Error pickling a `matlab` object in joblib `Parallel` context

I'm running some Matlab code in parallel from inside a Python context (I know, but that's what's going on), and I'm hitting an import error involving matlab.double. The same code works fine in a multiprocessing.Pool, so I am having trouble figuring out what the problem is. Here's a minimal reproducing test case.
import matlab
from multiprocessing import Pool
from joblib import Parallel, delayed
# A global object that I would like to be available in the parallel subroutine
x = matlab.double([[0.0]])
def f(i):
print(i, x)
with Pool(4) as p:
p.map(f, range(10))
# This prints 1, [[0.0]]\n2, [[0.0]]\n... as expected
for _ in Parallel(4, backend='multiprocessing')(delayed(f)(i) for i in range(10)):
pass
# This also prints 1, [[0.0]]\n2, [[0.0]]\n... as expected
# Now run with default `backend='loky'`
for _ in Parallel(4)(delayed(f)(i) for i in range(10)):
pass
# ^ this crashes.
So, the only problematic one is the one using the 'loky' backend.
The full traceback is:
exception calling callback for <Future at 0x7f63b5a57358 state=finished raised BrokenProcessPool>
joblib.externals.loky.process_executor._RemoteTraceback:
'''
Traceback (most recent call last):
File "~/miniconda3/envs/myenv/lib/python3.6/site-packages/joblib/externals/loky/process_executor.py", line 391, in _process_worker
call_item = call_queue.get(block=True, timeout=timeout)

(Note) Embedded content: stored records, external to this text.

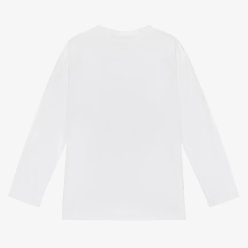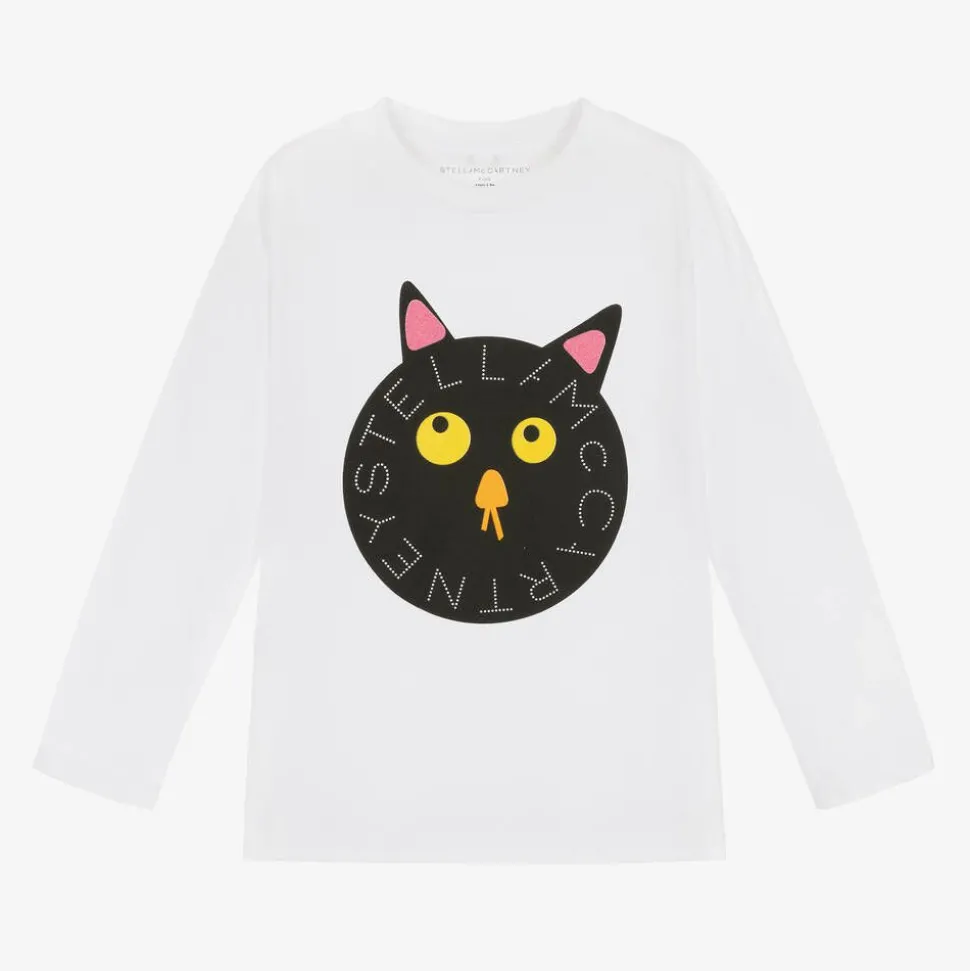 White long-sleeved top for girls by Stella McCartney Kids, made in soft jersey. Ready for Halloween, this casual top has a fun black cat face on the front, with felted ears, eyes and nose and the brand's signature dotted logo. The Stella McCartney fit can be quite small so choose a size up if you want room to grow.
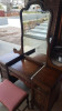 Don't know how much this set is worth but I do have some info for you....you set is not in original condition...it has been refinished...the drawer pulls are not original and neither is the cloth on top of the stool ,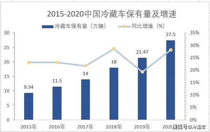 至2020年中國(guó)冷庫(kù)總量約為6665萬(wàn)噸,同比增長(zhǎng)10.11%。自2020年3月發(fā)改委發(fā)布的《關(guān)于首批國(guó)家骨干冷鏈物流基地建設(shè)工作的通知》,冷庫(kù)建設(shè)政策利好明顯,冷鏈?zhǔn)袌?chǎng)迎來(lái)風(fēng)口紅利,行業(yè)內(nèi)一片景氣。預(yù)計(jì)到2021年及未來(lái)冷庫(kù)的總量仍將保持喜人的增勢(shì),增速預(yù)計(jì)將超過(guò)15%。冷藏車作為冷鏈物流運(yùn)輸?shù)闹匾ぞ撸晔袌?chǎng)保有量也一直逐年攀升,根據(jù)中物聯(lián)冷鏈委數(shù)據(jù),2020年我國(guó)冷藏車市場(chǎng)保有量達(dá)到27.5萬(wàn)輛,比2019年的21.47萬(wàn)輛增長(zhǎng)28.1%。2020年市場(chǎng)保有量及同比增量均刷新歷史記錄。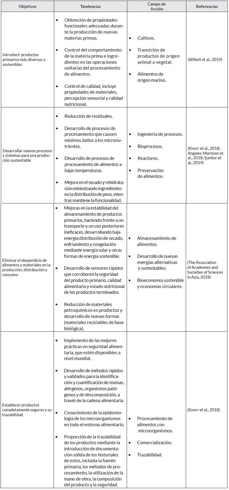 Cabe destacar que el aumento poblacional también ha generado el incremento de residuos de la industria de alimentos. Es por ello que resulta necesario la implementación de estrategias efectivas en manejo de desechos, no solo para solventar la problemática ambiental, sino también para aprovechar el potencial de estos residuos en la obtención de nuevos productos de valor agregado (Lopez y Hertel, 2021), aumentando la eficacia de sus procesos, reducir el consumo de recursos y energía y minimizar el impacto ambiental sobre el entorno. En consecuencia, el presente artículo tiene por objetivo analizar las principales tendencias y desafíos que presenta la industria de alimentos a nivel mundial frente al periodo de pandemia por Covid-19, como parte de la garantía del consumo sostenible a lo largo de toda la cadena de suministro, la equidad y la sostenibilidad ambiental.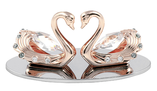 Миниатюра Crystocraft "Лебеди" розово-золотистого цвета с бесцветными кристаллами, сталь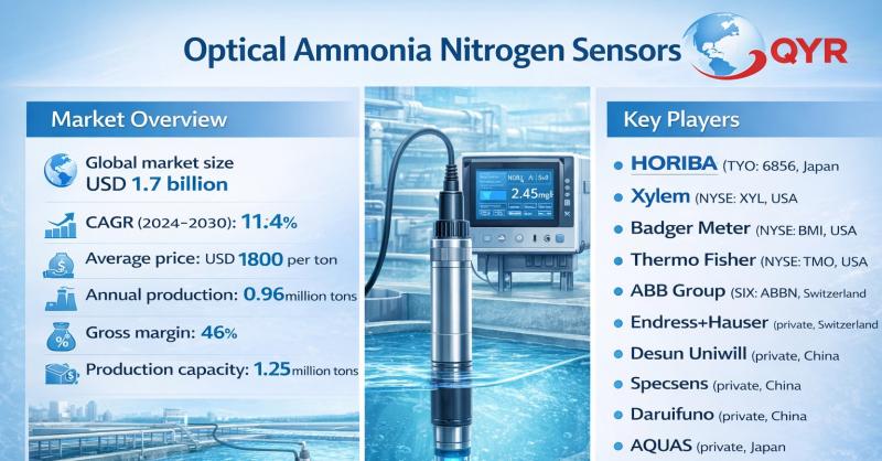 QY Research has released a comprehensive new market report on Optical Ammonia Nitrogen Sensors, advanced water-quality monitoring instruments that measure ammonia nitrogen (NH3-N / NH4+-N) concentrations using optical detection principles rather than electrochemical reactions. By leveraging spectrophotometry, fluorescence, or colorimetric optical methods, these sensors deliver high selectivity, low drift, and reduced maintenance-making them increasingly essential for wastewater treatment, surface water monitoring, aquaculture, and industrial process control. This report provides an in-depth assessment of global market size, sensing technologies, regulatory drivers, and competitive dynamics.Core Market Data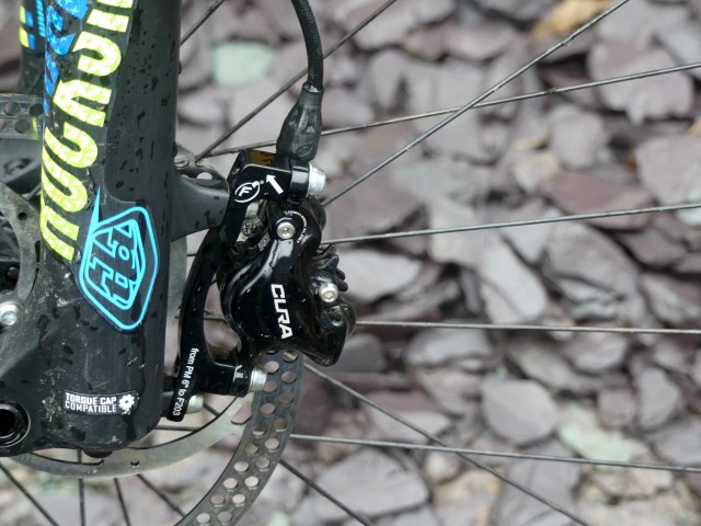 The Organic pads have worn well but gave some noise in the wet initially, but soon settled down once warmed up. Installation and removal are easy with a bolt through the pads to keep them in place. In terms of all out performance, I expected the Cura to have more instant stopping power, but instead, they delivered a beautifully gradual increase which was easy to moderate and provided a highly sensitive system. Although I thought I would prefer a more grabby brake, I never felt out of control at any point, the power always there if needed.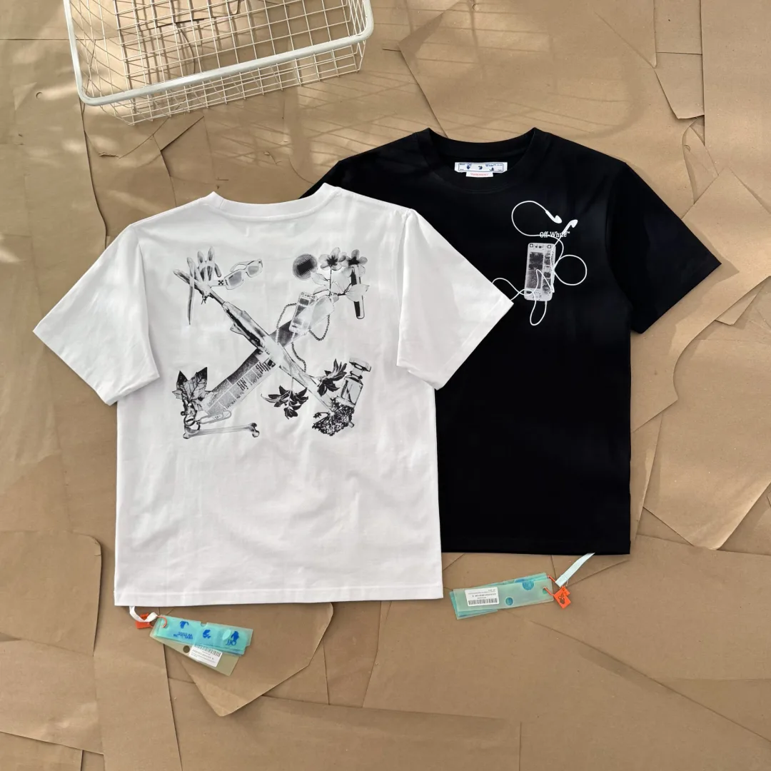 OW Sommer, neues cremefarbenes Kurzarm-T-Shirt mit mittelgroßem Brust- und Rückenaufdruck mit Totenkopf und Pfeil | Stoff: Individuell gewebter, reiner Baumwoll-Doppelgarn-Greigestoff, zweimal gewaschen und vorgeschrumpft (vorgeschrumpft, um weiteres Einlaufen und Verformen zu verhindern). Muster: Klassische OS-Passform. Breite, überschnittene Schultern, leicht konturierter Saum mit Schlitzen und Rippung. Druck: Rückseite bedruckt mit importiertem digitalem Direkttintendruck auf einer importierten Ellipsenmaschine für reine Farben, gestochen scharfe Bilder und Hochtemperatur-Heißprägung zur Verstärkung! Vollständig maßgeschneiderte, originelle Accessoires! Strenge Qualität! Dieselbe Qualität wie an der Theke! Vergleichen Sie bedenkenlos mit Top-Versionen! Neu auf der offiziellen Website: SS-Kragenetikett, Waschetikett, Hängeetikett und Verpackungsbeutel werden alle gleichzeitig aktualisiert.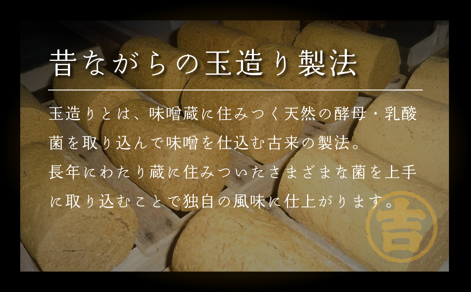 一年醸造味噌は、蔵付き菌の利用を目的とした「玉造り製法」で作られています。玉造りとは、味噌蔵に住みつく天然の酵母・乳酸菌を取り込んで味噌を仕込む古来の製法。長年にわたり蔵に住みついたさまざまな菌を上手に取り込むことで独自の風味に仕上がります。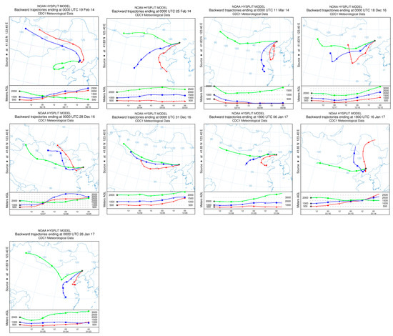 Coal-burning was the most common source of pollution during winter in Shenyang. As is shown in the analyses of the 72-h backward trajectories of Episodes 1, 5, and 8 (Figure 5), all air masses at altitudes of 500 m and 1000 m in the backward trajectories came from the northwest, while air masses at 2000 m came from the southwest. These three episodes were classified as coal-burning pollution. The concentrations and sources of pollutants differed due to the different tracks of the air masses at altitudes of 500 m and 1000 m. Concentrations of PM2.5 were highest at 96.5 and 156 µg·m−3, respectively in Episodes 5 and 8, with air mass movements from northwest to southwest.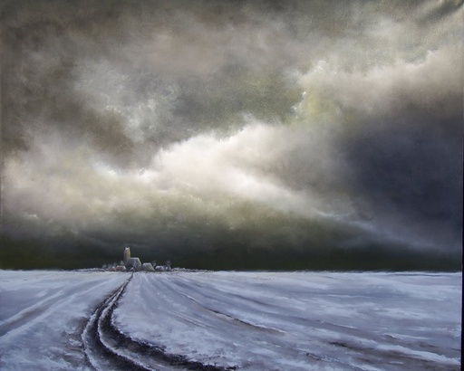Jan Mostert (1985, autodidact) laat zich in zijn werken steeds meeslepen door de uitgestrektheid van Noord Nederland.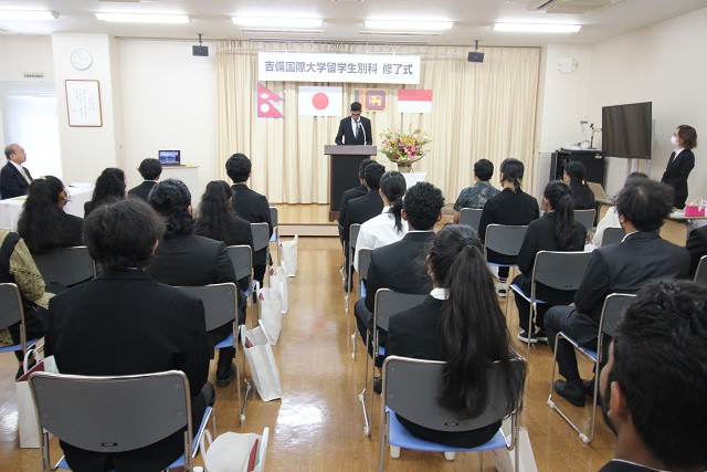 9月19日(木)、留学生別科(岡山駅前キャンパス:岡山市北区)にて、2023年秋に入学した留学生の修了式を行い、32名が慣れ親しんだ学び舎を巣立っていきました。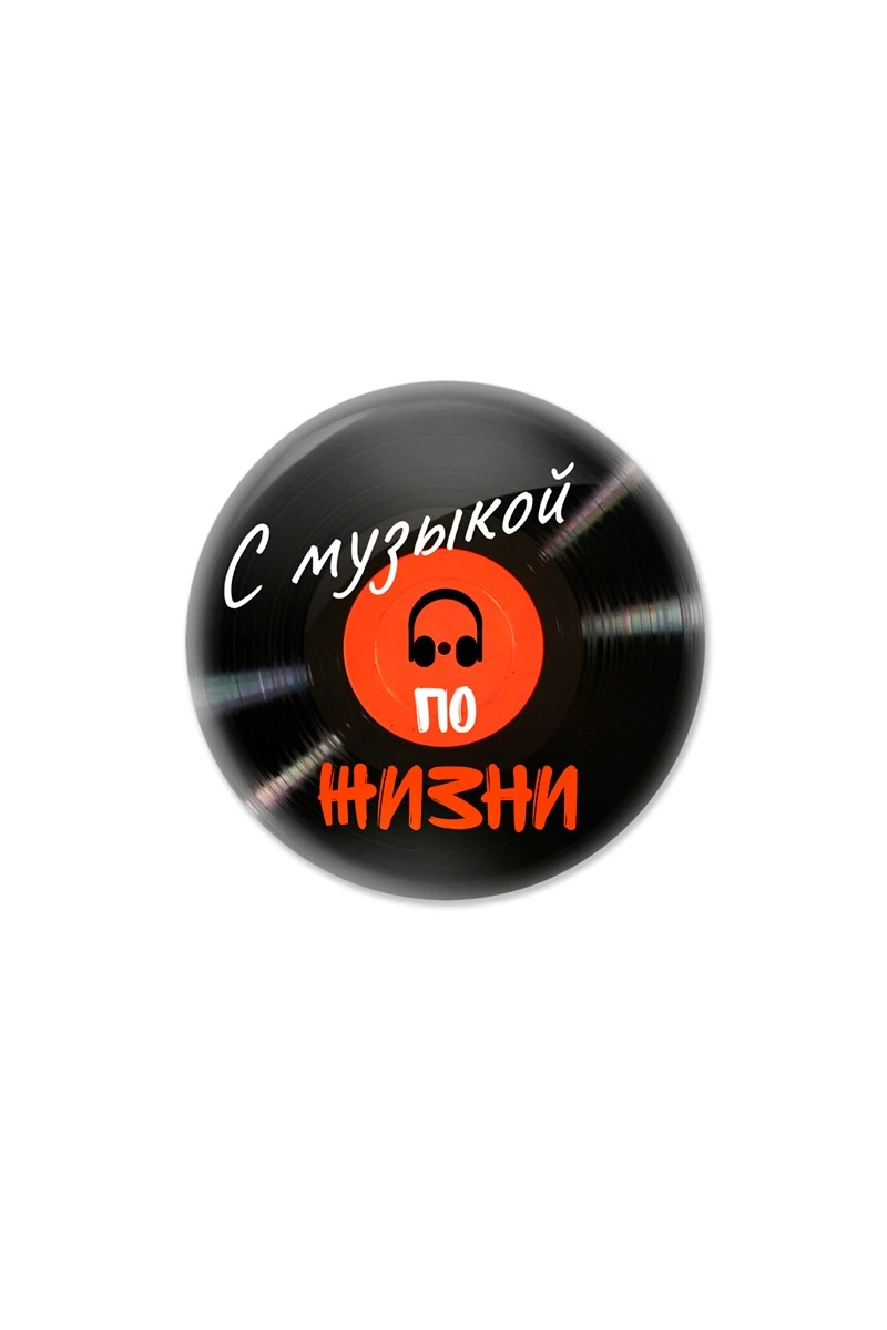 Наклейка заливная 2х2 см круг, с нанесением "With music through life"

File "~/miniconda3/envs/myenv/lib/python3.6/multiprocessing/queues.py", line 113, in get
return _ForkingPickler.loads(res)
File "~/miniconda3/envs/myenv/lib/python3.6/site-packages/matlab/mlarray.py", line 31, in <module>
from _internal.mlarray_sequence import _MLArrayMetaClass
File "~/miniconda3/envs/myenv/lib/python3.6/site-packages/matlab/_internal/mlarray_sequence.py", line 3, in <module>
from _internal.mlarray_utils import _get_strides, _get_size, \
File "~/miniconda3/envs/myenv/lib/python3.6/site-packages/matlab/_internal/mlarray_utils.py", line 4, in <module>
import matlab
File "~/miniconda3/envs/myenv/lib/python3.6/site-packages/matlab/__init__.py", line 24, in <module>
from mlarray import double, single, uint8, int8, uint16, \
ImportError: cannot import name 'double'
'''
The above exception was the direct cause of the following exception:
Traceback (most recent call last):
File "~/miniconda3/envs/myenv/lib/python3.6/site-packages/joblib/externals/loky/_base.py", line 625, in _invoke_callbacks
callback(self)
File "~/miniconda3/envs/myenv/lib/python3.6/site-packages/joblib/parallel.py", line 309, in __call__
self.parallel.dispatch_next()
File "~/miniconda3/envs/myenv/lib/python3.6/site-packages/joblib/parallel.py", line 731, in dispatch_next
if not self.dispatch_one_batch(self._original_iterator):
File "~/miniconda3/envs/myenv/lib/python3.6/site-packages/joblib/parallel.py", line 759, in dispatch_one_batch
self._dispatch(tasks)
File "~/miniconda3/envs/myenv/lib/python3.6/site-packages/joblib/parallel.py", line 716, in _dispatch
job = self._backend.apply_async(batch, callback=cb)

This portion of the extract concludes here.